Open mrgloom opened 9 years ago

mrgloom commented 9 years ago

If anyone intersted there is an example of using linear svm + hog descriptor in opencv, but opencv uses libsvm and using liblinear will be faster.

https://github.com/Itseez/opencv/blob/ddf82d0b154873510802ef75c53e628cd7b2cb13/samples/cpp/train_HOG.cpp

https://www.csie.ntu.edu.tw/~cjlin/liblinear/

ghost commented 9 years ago

Have you succeeded training your classifier accordingly ? If so, what data and pos/neg ratio did you used ? Thank you

mrgloom commented 9 years ago

My work in progress.

I think ratio between pos and neg should be 1:1 if you don't use SVM with weights.
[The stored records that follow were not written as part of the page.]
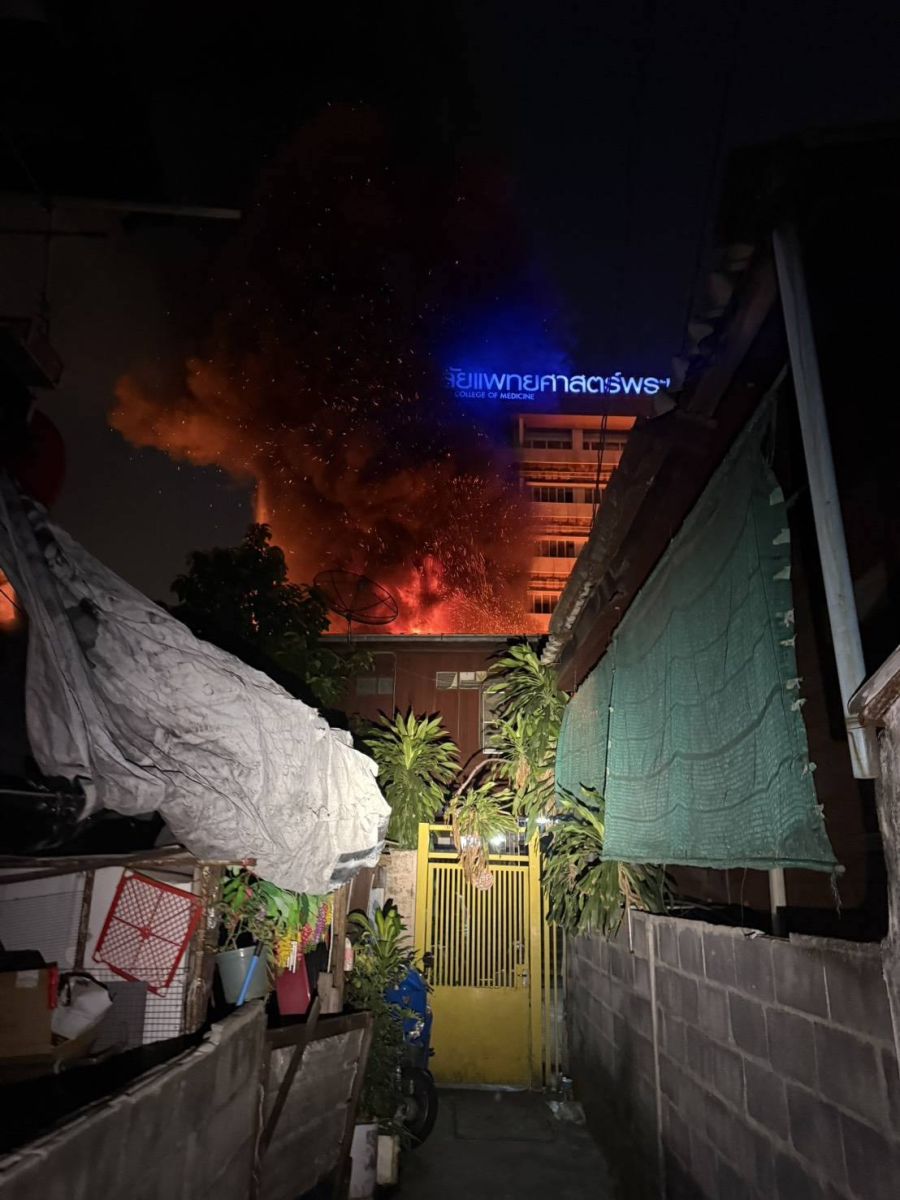 เวลา 22.00 น. ขณะนี้เพลิงสงบ เบื้องต้นเพลิงลุกไหม้ประมาณ 4 หลังคาเรือน เจ้าหน้าที่ตรวจสอบแล้วเพลิงลุกไหม้เฉพาะบ้านเรือนประชาชน เพลิงไม่ได้ลุกลามเข้าไปในโรงพยาบาล มีเพียงกลุ่มควันที่ลอยเข้าไปเท่านั้น ในที่เกิดเหตุพบผู้เสียชีวิต จำนวน 1 ราย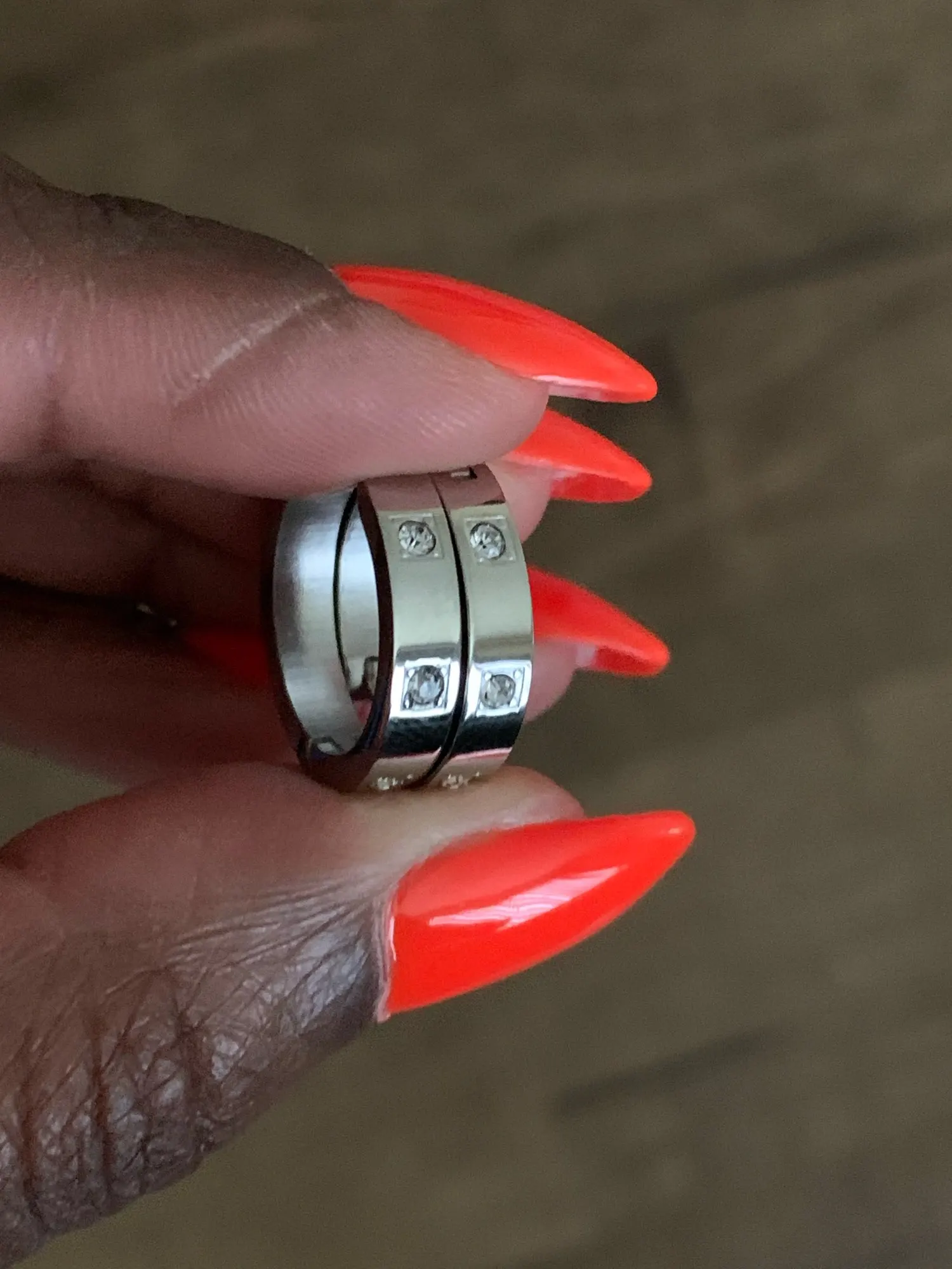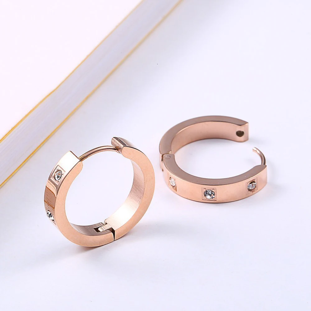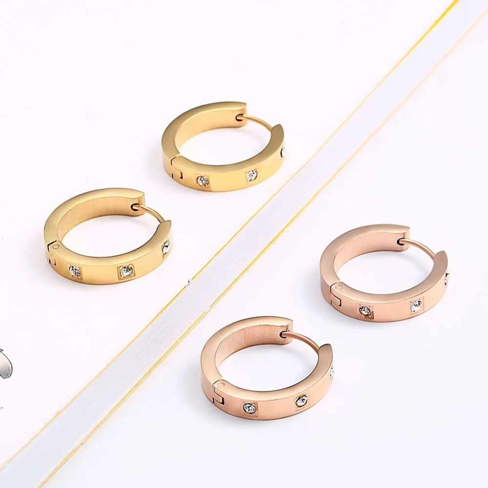 Женские серьги-кольца из нержавеющей стали с кристаллами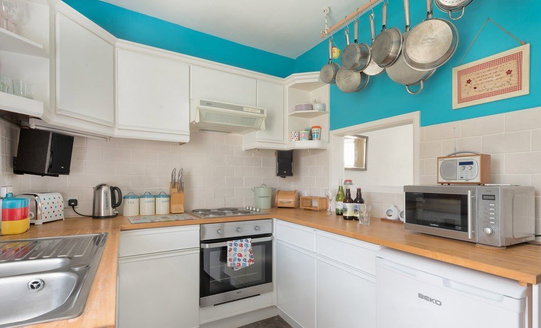 The Khrushchevs are “famous” for their small rooms. To make them larger will allow overstatement of the ceiling. It is desirable that the ceiling and walls are decorated in bright colors. This will visually expand the space. They can be plain or in vertical stripes.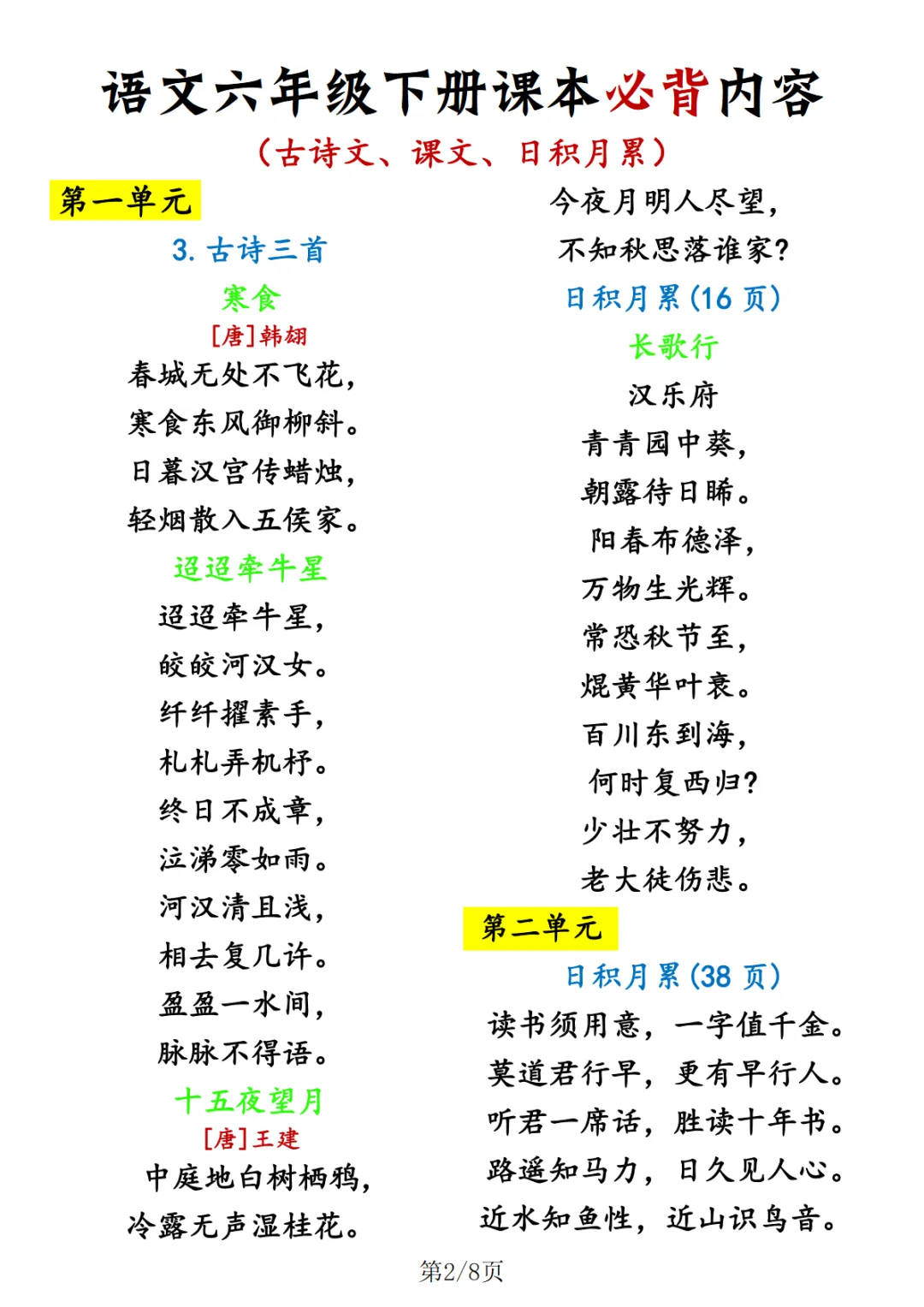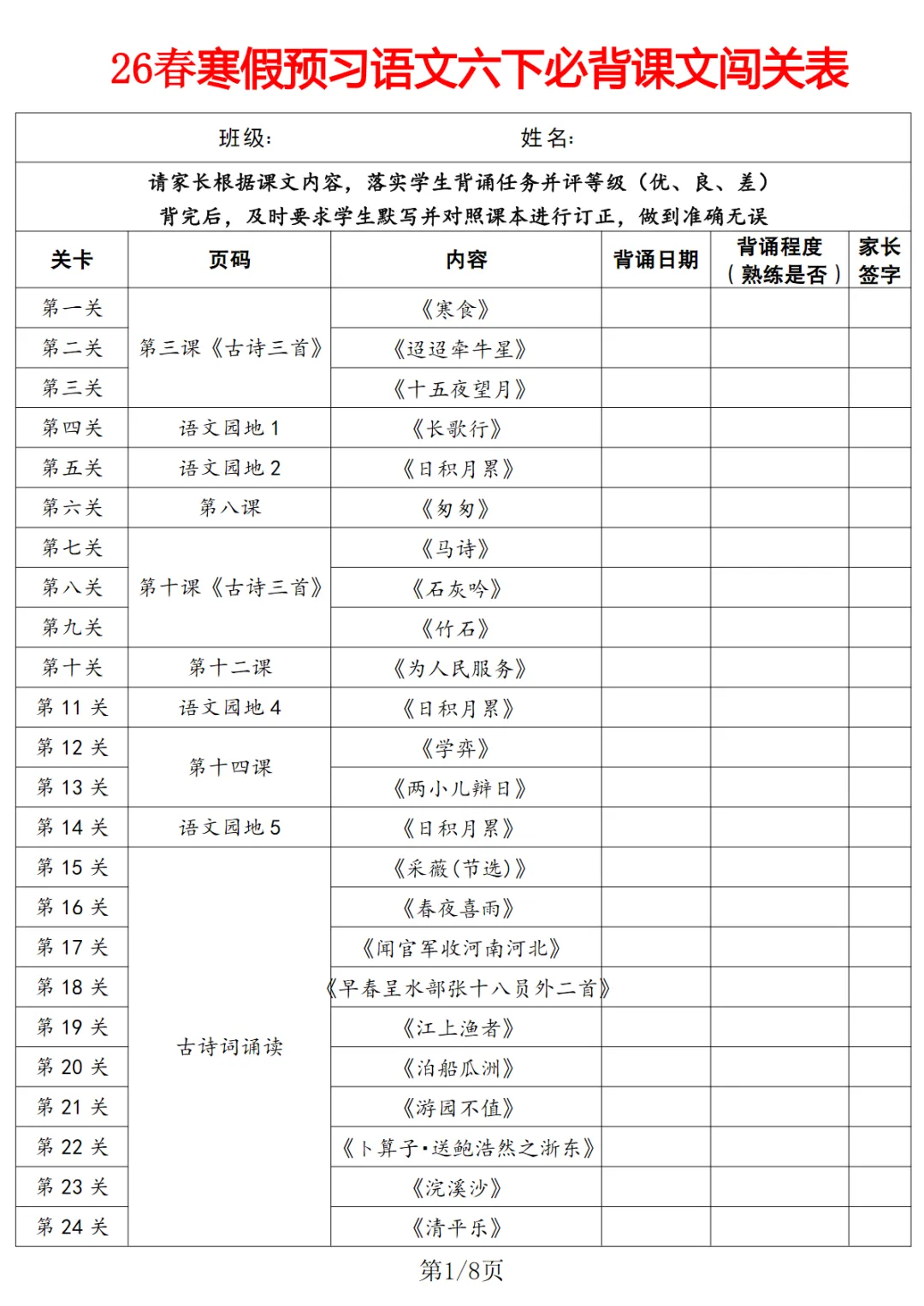 【免费下载】六年级(下)语文 寒假预习必背课文闯关表,PDF电子版,共8页,可打印

Look here for example: http://scikit-learn.org/stable/auto_examples/svm/plot_separating_hyperplane_unbalanced.html

But then you should perform several iterations of "hard negative mining" to get hard negatives and then you should add (maybe with replacement?) these examples to your training set and retrain classifier.

if you like python you can try this: https://github.com/bikz05/object-detector

ghost commented 9 years ago

1) Indeed, in Dalal & Triggs 2005 paper, they call them "Hard Examples":

"For each detector and parameter combination a preliminary detector is trained and the 1218 negative training photos are searched exhaustively for false positives (‘hard examples’). The method is then re-trained using this augmented set (initial 12180 + hard examples) to produce the final detector. The set of hard examples is subsampled if necessary, so that the descriptors of the final training set fit into 1.7 Gb of RAM for SVM training." page 2, Datasets & Methodology.

So there is no replacement, we have to keep the original 12180 negatives.

However, I am curious about what they are implying by "parameter combination", do we need to change the training parameters regarding the output of one training iteration ?

2) By the way, I have used this opencv sample, and the detection works quite well but with a LOT of false positives...(Must try these hard examples!). Since the weights is computed here using 96 by 160 windows, we are detecting pedestrians with a 7524 sized buffer (compared to the traditional 3780). In the "Negatives Windows" section in [1], we must sort of use only the centered data (without the 16 pixels margins), therefore I think we should try to shrink the 7524 output weights in order to get just the ones matching the 64*128 window. Do you agree ?

[1] http://pascal.inrialpes.fr/data/human/

Cheers,

mrgloom commented 9 years ago

I think they just mean crossvalidation over parameters http://scikit-learn.org/stable/modules/grid_search.html

Also as I'm understand if we will use more negative data we will have unbalanced dataset and our confusion matrix will be skewed, anyway we can just copy original positives(this called oversampling) only limitation here is processing time and memory consumption or randomly subsample from negative data(this called undersampling) but in this case we loose some of negative data , I don't know if this is important.

ghost commented 9 years ago

Yeah, memory is kind of a concern ...

Any idea about 2) ?

mrgloom commented 9 years ago

I don't understand your question. What is 7524 sized buffer ? HOG feature vector size? Do you mean that 64*128 window produce feature vector of size 3780 and 96x160 feature vector of size 7524?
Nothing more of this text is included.